Les allures fantomatiques de l'aéroport Montréal-Trudeau

Selon Aéroports de Montréal, une cinquantaine d’avions décollent ou atterissent chaque jour présentement, contre une moyenne quotidienne habituelle de 540.
Photo: Marie-France Coallier Le Devoir Selon Aéroports de Montréal, une cinquantaine d’avions décollent ou atterissent chaque jour présentement, contre une moyenne quotidienne habituelle de 540.

Un calme plat, presque inquiétant, règne ces jours-ci à l’aéroport Montréal-Trudeau. Les amis excités de partir en voyage, les familles qui se retrouvent ou se quittent dans de grandes embrassades et les travailleurs pressés d’embarquer dans l’avion : tous ont déserté les lieux en raison de la pandémie de coronavirus. Récit d’un après-midi à errer dans des couloirs vides, au son des escaliers roulants, à la rencontre des derniers voyageurs et des quelques employés encore en poste.

« Ç’a été vite. En quelques jours, l’aéroport s’est complètement vidé. Avant, on avait une trentaine de clients par heure, maintenant on est chanceux si on en voit deux », précise Sharmila en nettoyant le comptoir du dépanneur 1 minute, où elle travaille depuis sept ans.

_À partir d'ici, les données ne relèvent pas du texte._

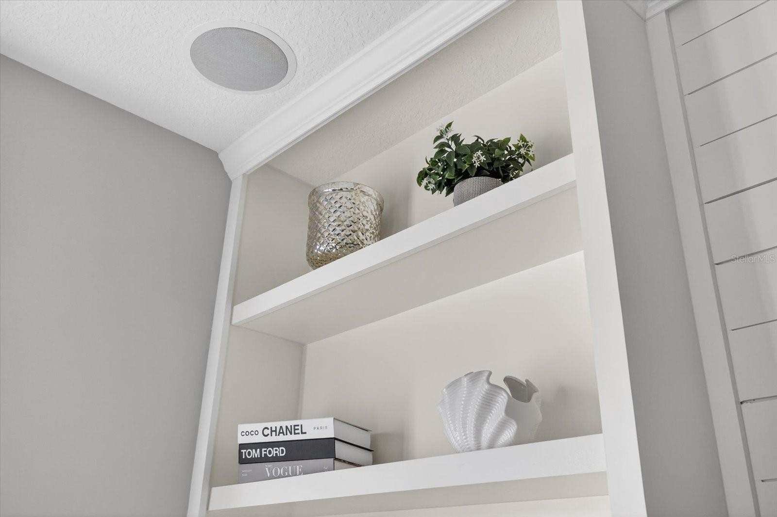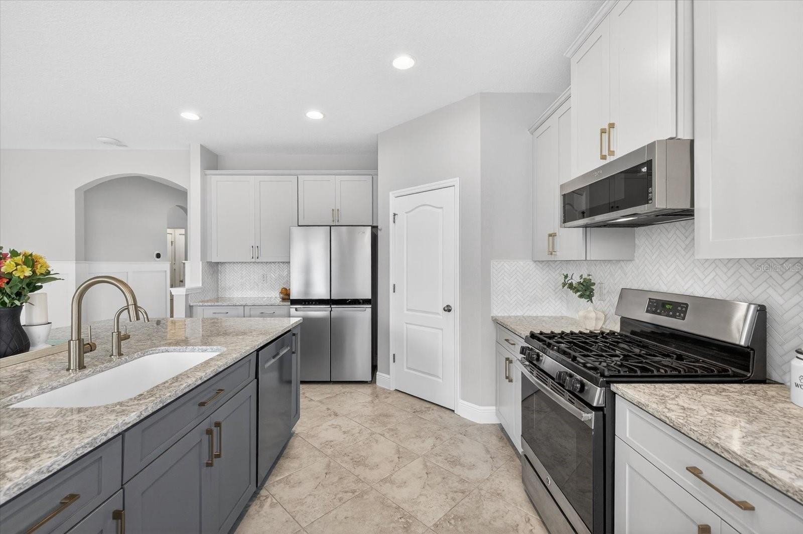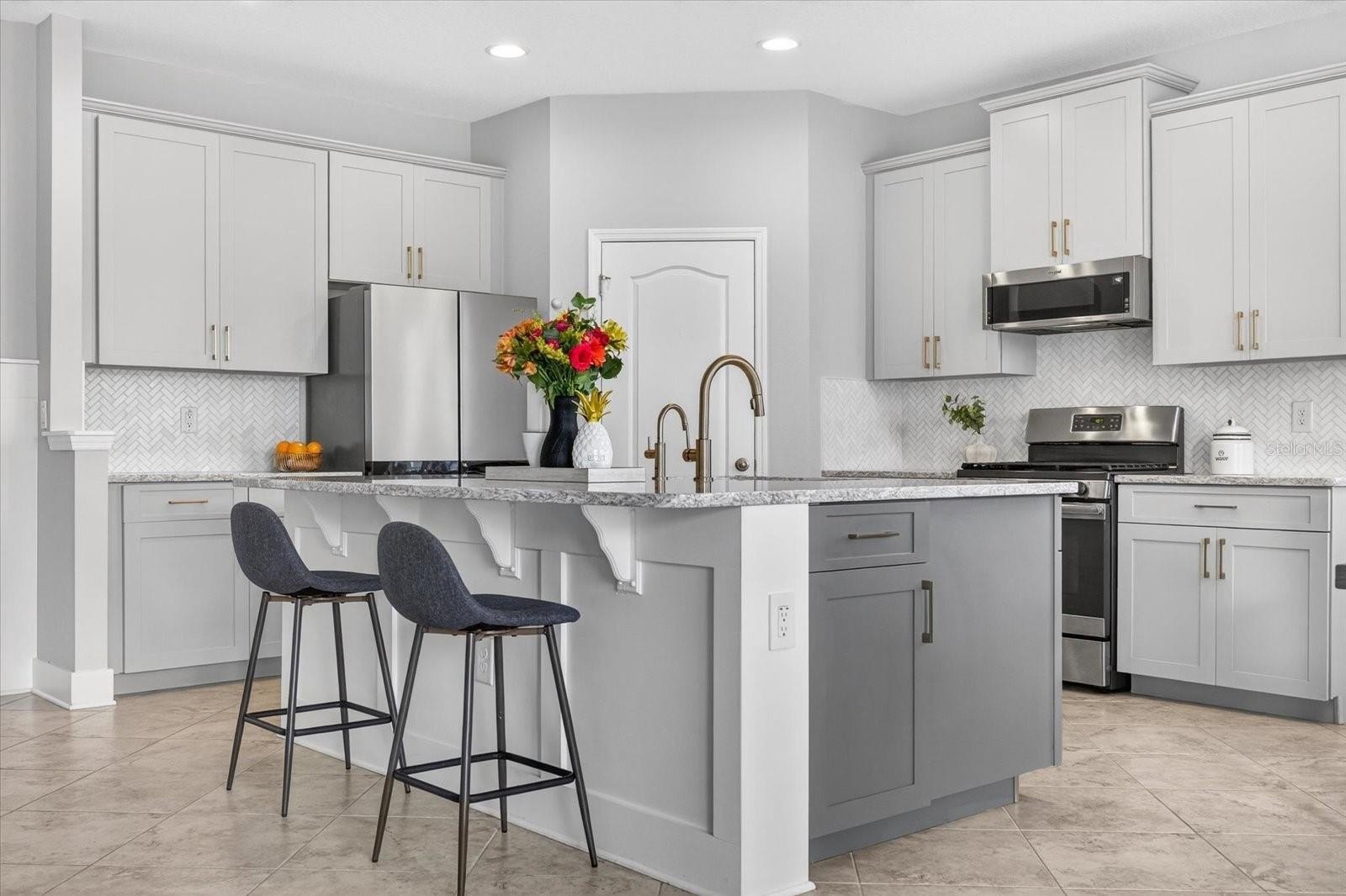 The designer interior continues with elegant wainscoting throughout the hallway (2024) and a custom-built-in entertainment center in the Great Room (2024). The gourmet kitchen boasts durable quartz countertops, marble backsplash, a large center island, and refreshed cabinetry with new faces and hardware (2023). Stainless steel appliances, (refrigerator, microwave, dishwasher) have been replaced within the last two years for total peace of mind.

La fermeture des frontières — pour freiner la propagation du virus — a considérablement diminué le nombre de vols, et donc de voyageurs. Plusieurs compagnies ont cloué leurs avions au sol et mis à pied la majorité de leurs employés. Et si l’aéroport Montréal-Trudeau a été désigné comme l’un des quatre aéroports canadiens pouvant encore recevoir des aéronefs d’outre-mer, c’est surtout pour les rapatriements et voyages essentiels.

Ç’a été vite. En quelques jours, l’aéroport s’est complètement vidé. Avant, on avait une trentaine de clients par heure, maintenant on est chanceux si on en voit deux.

 

Selon Aéroports de Montréal, une cinquantaine d’avions décollent ou atterrissent chaque jour présentement, contre une moyenne de 540 par jour avant la pandémie.

Une baisse de fréquentation qui ne déplaît pas à Sharmila. Dans les dernières semaines, elle était stressée rien qu’à l’idée d’aller travailler, vu que les mesures de prévention contre le coronavirus ont tardé à se mettre en place. Sa collègue Rose et elles ne possèdent pas de masque pour se protéger, seulement des gants et des produits nettoyants pour désinfecter à longueur de journée.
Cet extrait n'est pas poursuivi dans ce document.